Maclean Technology sheds 'handful' of staff

IT services company says advances in automation have partly allowed 'minor restructure'

IT services company Maclean Technology has made “a handful” of its staff redundant in what the company describes as a “minor restructure”.

Maclean Technology CEO Chris Maclean replied in an email to an enquiry from Computerworld that a “small number of roles” were made redundant last Friday.

“Some of the reduction in overhead has been made possible by some major advances in automation achieved since the introduction of our new service automation tools over the past three months,” Maclean continued. “These have allowed us to streamline some core business processes that previously required heavy administration but are now largely automatic.”

Asked how many positions would be lost, Maclean would only say that it was “a handful”, adding that half of the staff affected would be re-hired in other positions.

He also refused to confirm the staff headcount following the restructure, saying the “net loss of staff isn’t substantial”.

Last September, Maclean Technology employed over 40 staff, according to its website. The company was formed following the demise of Maclean Computing last year.

Maclean Computing was founded in 1993 by Allan and Kevin Maclean. The company employed 72 staff when Chris Maclean took over as CEO from his father, Allan Maclean, in 2009.

Maclean Computing went into liquidation on Friday July 13, 2012, owing suppliers, vendors, partners, some staff and other unsecured creditors $953,000. The following Wednesday the company announced that its assets were being sold to Maclean Technology Limited, a company which listed Chris Maclean and his business partner Matthew Bellingham as directors.

Comments

Anonymous

1

Many more such advances and the company will be down to 4 staff, 1 engineer and 3 managers...

Anonymous

2

Perhaps not everyone in the marketplace likes the idea of dealing with a Phoenix company? Maybe they would like to partner with an entity that pays its suppliers, and treats it staff well, as well as being clear, open and honest in its treatment of customers.

Anonymous

3

Never heard of them.

Anonymous

4

Hardly worthy of front page news CW. I think we've all heard enough of Maclean's for now. Why not let them be for a while and let them get on with rebuilding unencumbered by poorly-informed bitterness and scavenging competitors?

Anonymous

5

www.Companies.govt documents shows it went down for $2.6mil. Sad.

Anonymous

6

Zero Down appear to have also followed MacLean's by going into Liquidation. Except this time Ricoh seem to have purchased them. Better outcome for the customers this time.

Anonymous

7

How can they be allowed to get away with this, does worry me that an IT company cannot keep their own website updated. Site reads "Maclean has 50 staff, servicing over 200 business customers" by my count less than 20 staff now and lucky to have any customers? More Hocus pocus?

Anonymous

8

Did this impact Mcleans too?

timmy

9

There is clearly some sportsmanship going on in this thread..... Macleans are partly owned by Matthew Bellingham who owns his own accounting firm..so the fact that the head accountant has left merely supports the CEO's statement about pruning off admin staff?

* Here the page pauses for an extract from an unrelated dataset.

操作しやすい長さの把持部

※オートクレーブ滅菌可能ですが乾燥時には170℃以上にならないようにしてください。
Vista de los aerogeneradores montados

Those in a position to judge are the current customers.....no one else!!!

Anonymous

10

wonder if any tech wholesalers have given these rogues much/any credit this time around?

Anonymous

11

This is such a simple story it's hard to imagine the problem with some of the people on here...unless of course you're a competitor who thinks this is a way to win business? Which is pretty sad.

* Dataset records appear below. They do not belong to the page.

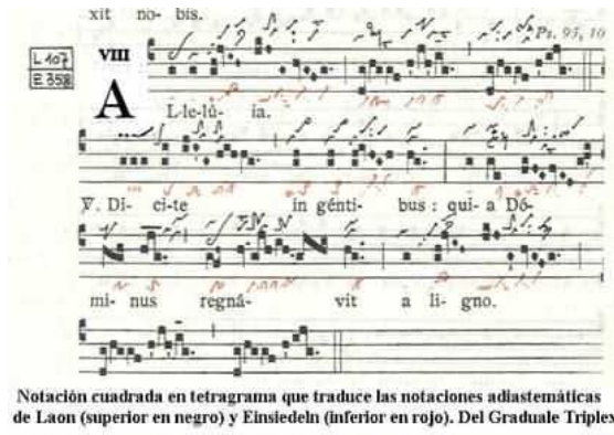
Notación cuadrada en tetragrama que traduce las notaciones adlastemáticas de Laon (superior en negro) y Einsiedeln (inferior en rojo). Del Graduale Triplex

Az európai zene egységes jelrendszerének kialakulása (az egyszólamú dallam – repertoár és a notáció korai időszaka)
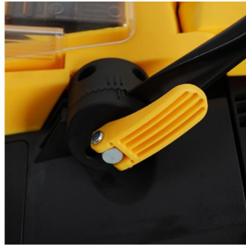
2. Attach and lock the handlebar
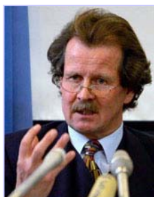
联合国酷刑问题专员诺瓦克多次向联合国酷刑委员会提出法轮功学员被活摘器官的指证

据英文大纪元报导，这是全世界最大的国际组织近几年来第一次直接命令中共政权对其大范围的迫害人权负责。十一月七日，联合国反酷刑委员会的专家对中国执行《禁止酷刑公约》的情况进行质询。在发现作为缔约国的中国未能履行
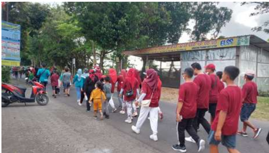
18. Pembagian Kursi Inventaris
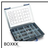
BOXKK Coffret de clavettes, Coffret acier ou inox

Hopefully one last time because personally I am sick of this witch-hunting crap, here's what actually happened...
a) they borrowed a lot to buy the business and their building. It probably made sense at the time, but when the economy changed the banks lending rules changed, and the bank wanted a lot of money back in short order. They couldn't stump up with it. Not many people have over a million dollars liquid. So they had to fold.
b) they got robbed for something north of half a million dollars. That's hard-earned profit and a lot of money.
c) they made some mistakes. No one is perfect and they readily admit they made mistakes. They also made some good decisions and increased profits by half a million per year between 2009 and 2012.
d) all of the above led to the company failing
e) chris & co. bought the company and kept staff employed and customers from being without IT support. Yes it was done quickly. Perhaps someone would have paid more cash, but cash is only ever one part of a deal that includes looking after customer and staff commitments.
f) they couldn't pay all of the old companys debts. Not exactly rocket science. There is no way they could pay all those debts as well as their normal ones and survive. That money was lost the day it liquidated, and that's a business risk that all companies must accept if trading with credit.
g) They lost some customers. It happens in these sorts of situations. They also kept a lot of customers, which is a credit to them given the amount of crap that some of you folk having been throwing about.
h) They adjusted staff levels to meet the new customer base and to ensure it doesn't happen again.
i) Life goes on. Well it does for me, but then there's the people who are still bitching about something that happened in the middle of last year!

So, if you think you'll never make an investment mistake, can predict a recession, are immune to theft, and would have left your family, staff and customers to fend for themselves if your world went bung then good for you. They did the right thing in the circumstances. They are stand-up guys who I'd recommend to anyone.